Мышка летучая, нетопырик бедненький.
Вот так и становятся вампирами от неприкаянности.
От нелюбви. От одиночества. От горя.
Вот и будет она летать, нападать на людей, пока не убьют.
Не печалься, не плачь, забудь.
Нетопырик бедненький, мышка летучая.
Что с ними будет? Она осознает, что она – вампир, пожалеет его, уйдёт, больше не будет у него кровь пить. Он останется в живых.

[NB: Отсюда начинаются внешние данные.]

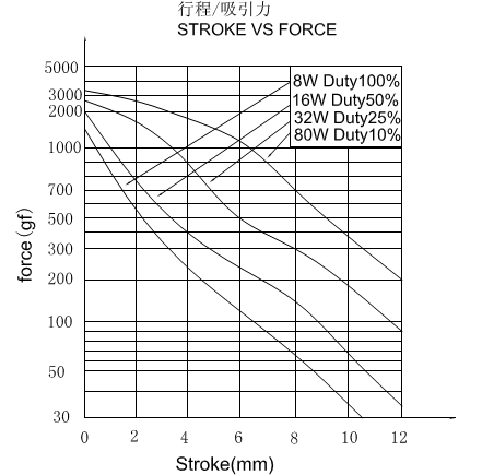 縱向:代表電磁鐵在對應行程時的力量 單位為克(g)

Она? Если кровь пить не будет – от голода умрёт.
Другой вариант: найдёт
Не печалься. Не плачь. Забудь.
Вампирчик мой, нетопырик, мышка летучая.
22–23.06.13
Саша VS Кассандра
Всё было бы, наверное, хорошо, если бы не её страсть к зеркалам. Зеркала с детства не давали ей покоя. Первое зеркало, которое она полюбила, было старинное зеркало её бабушки, потом оно перешло к маме, а там и к ней. Оно висело над потемневшим от времени комодом с двумя рядами ящичков с бронзовыми, тоже потемневшими от времени ручками и ажурными накладками на фасады ящичков. Верхний ящик был длинный, во всю длину комода, и мама использовала его для мелких вещей. Толстых салфеток из льна с причудливой мережкой, хлопковых тонких, на ощупь прямо как шёлк, платочков с вышитым в одном уголке каждого мостиком и проточной водой под ним. Вышивка была выполнена мелким-премелким крестом цветными шёлковыми нитками, стирать тоже надо было очень аккуратно, чтобы краски не полиняли.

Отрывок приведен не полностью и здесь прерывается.